[[ Source material open ]]

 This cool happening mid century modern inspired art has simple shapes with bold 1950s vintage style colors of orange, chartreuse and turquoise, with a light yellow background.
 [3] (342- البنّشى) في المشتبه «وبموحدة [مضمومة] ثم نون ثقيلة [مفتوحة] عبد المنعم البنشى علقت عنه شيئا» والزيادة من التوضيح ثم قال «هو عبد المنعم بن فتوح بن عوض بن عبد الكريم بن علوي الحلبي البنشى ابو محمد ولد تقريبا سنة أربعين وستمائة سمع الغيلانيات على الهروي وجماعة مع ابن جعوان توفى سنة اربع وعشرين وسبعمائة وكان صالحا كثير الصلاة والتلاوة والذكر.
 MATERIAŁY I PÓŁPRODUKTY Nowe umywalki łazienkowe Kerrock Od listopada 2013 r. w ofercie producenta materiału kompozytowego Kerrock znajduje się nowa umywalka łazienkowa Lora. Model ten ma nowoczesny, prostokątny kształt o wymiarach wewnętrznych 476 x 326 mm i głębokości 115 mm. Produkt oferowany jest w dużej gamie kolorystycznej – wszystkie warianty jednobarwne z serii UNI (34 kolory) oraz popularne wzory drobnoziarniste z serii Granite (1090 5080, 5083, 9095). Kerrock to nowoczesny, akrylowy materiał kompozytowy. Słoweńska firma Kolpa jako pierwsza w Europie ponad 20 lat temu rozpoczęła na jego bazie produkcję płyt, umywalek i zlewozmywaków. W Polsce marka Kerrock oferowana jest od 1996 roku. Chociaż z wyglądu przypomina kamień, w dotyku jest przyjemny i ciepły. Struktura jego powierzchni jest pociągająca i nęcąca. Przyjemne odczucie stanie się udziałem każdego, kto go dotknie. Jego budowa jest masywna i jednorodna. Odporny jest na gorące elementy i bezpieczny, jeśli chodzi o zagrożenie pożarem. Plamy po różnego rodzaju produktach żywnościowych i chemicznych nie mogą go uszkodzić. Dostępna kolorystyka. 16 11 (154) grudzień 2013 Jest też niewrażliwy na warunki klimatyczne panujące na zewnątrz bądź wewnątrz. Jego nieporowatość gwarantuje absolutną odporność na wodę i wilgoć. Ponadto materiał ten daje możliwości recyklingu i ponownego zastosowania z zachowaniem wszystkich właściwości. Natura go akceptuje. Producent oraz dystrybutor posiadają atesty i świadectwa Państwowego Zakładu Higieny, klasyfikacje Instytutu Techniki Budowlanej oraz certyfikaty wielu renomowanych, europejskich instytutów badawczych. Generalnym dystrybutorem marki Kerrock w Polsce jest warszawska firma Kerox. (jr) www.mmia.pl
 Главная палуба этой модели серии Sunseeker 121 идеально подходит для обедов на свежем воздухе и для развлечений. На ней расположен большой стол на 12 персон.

[[ Source material closed ]]
[[ Source material open ]]

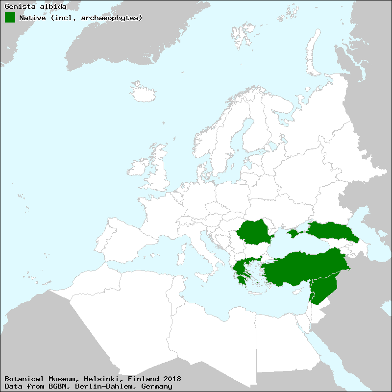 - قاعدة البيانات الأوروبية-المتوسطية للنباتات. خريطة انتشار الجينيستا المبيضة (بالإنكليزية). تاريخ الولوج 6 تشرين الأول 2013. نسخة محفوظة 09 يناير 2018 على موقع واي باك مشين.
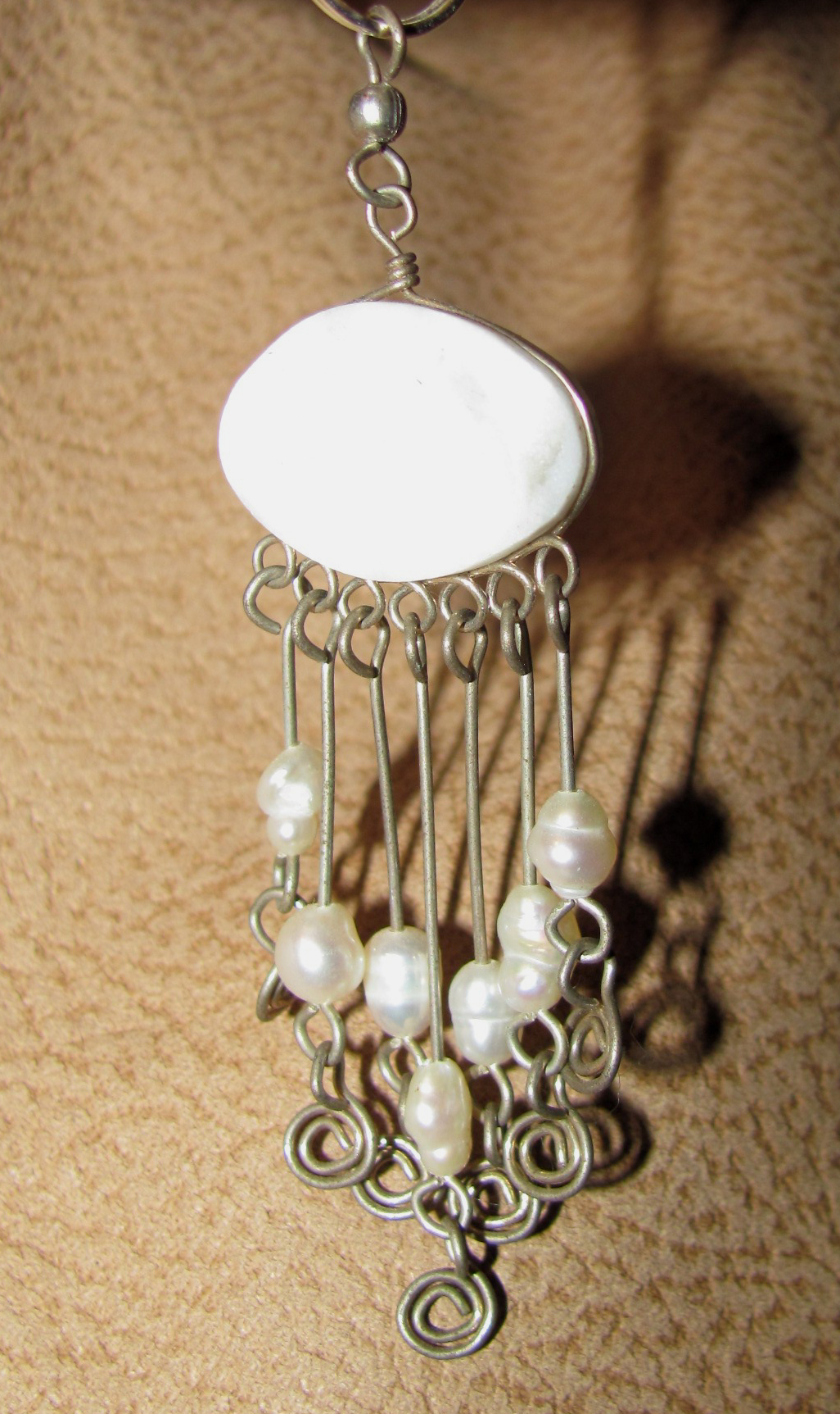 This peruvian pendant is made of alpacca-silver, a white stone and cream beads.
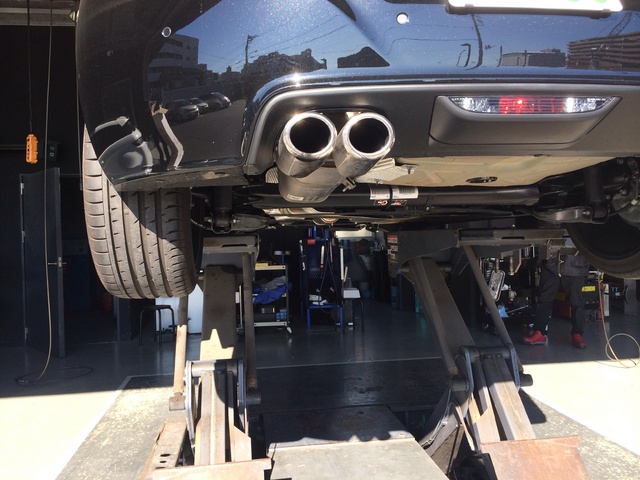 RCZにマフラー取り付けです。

[[ Source material closed ]]
[[ Source material open ]]

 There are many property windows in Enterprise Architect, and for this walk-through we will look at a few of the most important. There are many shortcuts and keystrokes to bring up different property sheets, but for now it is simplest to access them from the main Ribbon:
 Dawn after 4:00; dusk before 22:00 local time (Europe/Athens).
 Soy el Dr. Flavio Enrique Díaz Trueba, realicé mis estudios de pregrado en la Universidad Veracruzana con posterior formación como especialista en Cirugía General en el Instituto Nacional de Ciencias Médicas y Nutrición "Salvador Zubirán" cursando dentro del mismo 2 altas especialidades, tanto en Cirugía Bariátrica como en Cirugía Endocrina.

[[ Source material closed ]]

Exercise details:
Set down exactly the lines of the data above, beginning with the line that has "This cool happening" and ending with the line that has "[3] (342- البنّشى)", and no others.

Result:
 This cool happening mid century modern inspired art has simple shapes with bold 1950s vintage style colors of orange, chartreuse and turquoise, with a light yellow background.
 [3] (342- البنّشى) في المشتبه «وبموحدة [مضمومة] ثم نون ثقيلة [مفتوحة] عبد المنعم البنشى علقت عنه شيئا» والزيادة من التوضيح ثم قال «هو عبد المنعم بن فتوح بن عوض بن عبد الكريم بن علوي الحلبي البنشى ابو محمد ولد تقريبا سنة أربعين وستمائة سمع الغيلانيات على الهروي وجماعة مع ابن جعوان توفى سنة اربع وعشرين وسبعمائة وكان صالحا كثير الصلاة والتلاوة والذكر.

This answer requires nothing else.